В тот вечер Тереза не вернулась к себе в коттедж. Ей было позволено устроиться на чердаке, в собственном уголке, и навести порядок с кисточками и одежкой – вот оно, головокружительное счастье, последовавшее за перемирием. Олив призналась, что трудится над портретом Исаака. И, видимо, давно, подумала Тереза, с учетом скорости, с какой она обычно работает, и количеством блокнотов с карандашными набросками.
Поглядывая за проступающими на доске чертами лица, Тереза была ошеломлена этим началом. Кожа с прозеленью, саморазрушительный взгляд клаустрофоба. Зато голова, казалось, охвачена пламенем – море из одуванчиков и золотистой желтушки уходило вверх до самого края, а там целая россыпь красных огоньков, как воплощение разлетающихся убийственных мыслей. Безжалостный взгляд художницы, которая сама пребывала словно в трансе. Уж кто-кто, а Тереза понимала, что отношения между ее братом и этой девушкой находятся в опасном дисбалансе, но как-то сомнительно, что Олив отдает себе отчет в существовании всех этих слоев безрассудной страсти и потаенных страхов, продемонстрированных ее собственной рукой.
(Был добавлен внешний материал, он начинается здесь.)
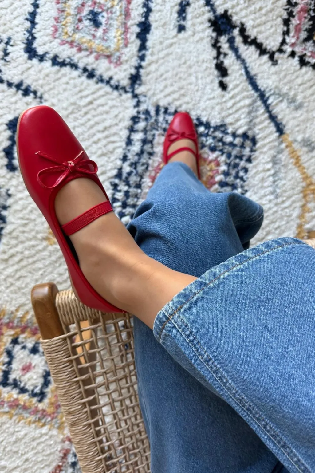 Røde ballerina-sko fra Bloom med sløjfe og elastisk rem over foden. Skoen har en rund tå og flad bund, der giver god støtte.

Далеко за полночь Олив закончила первый набросок портрета Исаака. В три часа утра, обессиленная, рухнула на матрас, уставившись на стропила и осыпающуюся с потолка известку, чьи загнутые края слегка мерцали в пламени свечи на прикроватной тумбочке. Где-то в горах завывал волк.
– Иди сюда, ложись, – позвала она служанку. Тереза, читавшая в углу, отложила книжку и, подчиняясь приказу, вытянулась на старом матрасе рядом с Олив, под сумеречным розовым покрывалом, и не шевелилась из страха, что малейшее движение – и ее прогонят из этого волшебного царства.
Так они и лежали бок о бок, глазея в потолок, и постепенно атмосфера в комнате разрядилась, энергетика Олив и ее предельная концентрация растворились в воздухе, и остался только светящийся зеленоватый лик на мольберте. Они уснули, одетые, в полной тишине, не нарушаемой ни криками петуха, ни лаем собак, ни человеческими голосами.
Спустя два дня Олив решила отправиться вместе с Терезой в Малагу. «Проветримся, а что?»
– Это надолго? – переполошилась Сара. Тереза объяснила себе это волнение тем, что впервые за много месяцев она оставалась одна в доме.
– Мы зайдем в контору морских перевозок, вместо мистера Роблеса, – сказала Олив. – А потом, я думаю, выпьем лимонада в Калле Лариос.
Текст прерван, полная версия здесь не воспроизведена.